Coromandel was at all three of the battles of the Pei-ho or Taku Forts: First (1858), Second (1859), and Third Battle of the Taku Forts (1860). In the second, in 1859, she was sunk but was later raised, repaired, and returned to service. On 23 August 1859 she was the flagship of Vice-Admiral James Hope.

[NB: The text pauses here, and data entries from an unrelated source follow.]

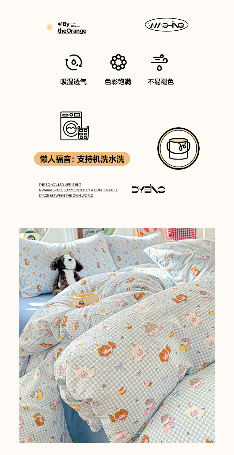 (总)朵朵家纺 2026新款云感木棉皱皱纱双层纱印花四件套,星星人,安琪拉,豹纹KT,北半球,波点草莓,春野集,蛋糕喵,繁星春水,好朋友,来财梦,兰溪,萌宠派对,芊芊花语,森林乐园,森林密语,甜茶,小新e族,小樱桃,组合图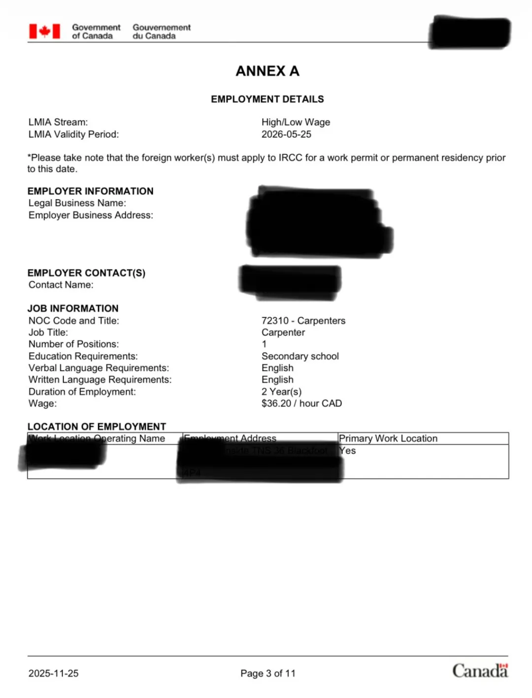 🇨🇦加拿大现成 技工类LMIA批文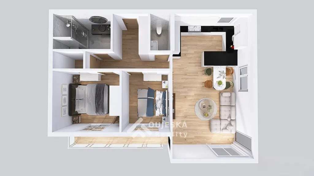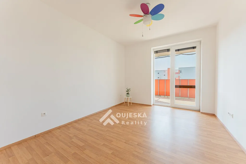 Dominantou bytu je prostorný obývací pokoj s kuchyňským koutem, orientovaný na jih, který zajišťuje dostatek přirozeného světla po celý den a příjemnou atmosféru celého prostoru.

On 25 October 1861 Coromandel was under the command of Lieutenant Duncan George Davidson and serving as tender to . From 29 October 1862 she was under the command of lieutenant Robert Peel Denniston and serving as a tender to . From 17 August 1863 she was under the command of Lieutenant George Poole. Euryalus participated in both the bombardment of Kagoshima on 16 August 1863 and the bombardment of Shimonoseki in September 1864; it is not clear whether Coromandel was in company.

==Later career==
The Navy sold Coromandel in 1866 to R. Byrne & Company, Hong Kong. In 1867 she was sold to Kishu, Japan, where her new owners renamed her Naruto.

Glover & Co., of Hong Kong, purchased her in 1868, and converted her to screw propulsion. The company went bankrupt and she was sold to Wright & Co., of Nagasaki, who sold her to Iwatani Shozo, who sold her to Hunt & Co., managers in Japan for the Netherlands Trading Society. She then underwent extensive repairs.

==Fate==
In 1876 Hunt & Co. sold the vessel to shipbreakers. She had been laid up at Yokohama for some time during which her hull had suffered from white ants.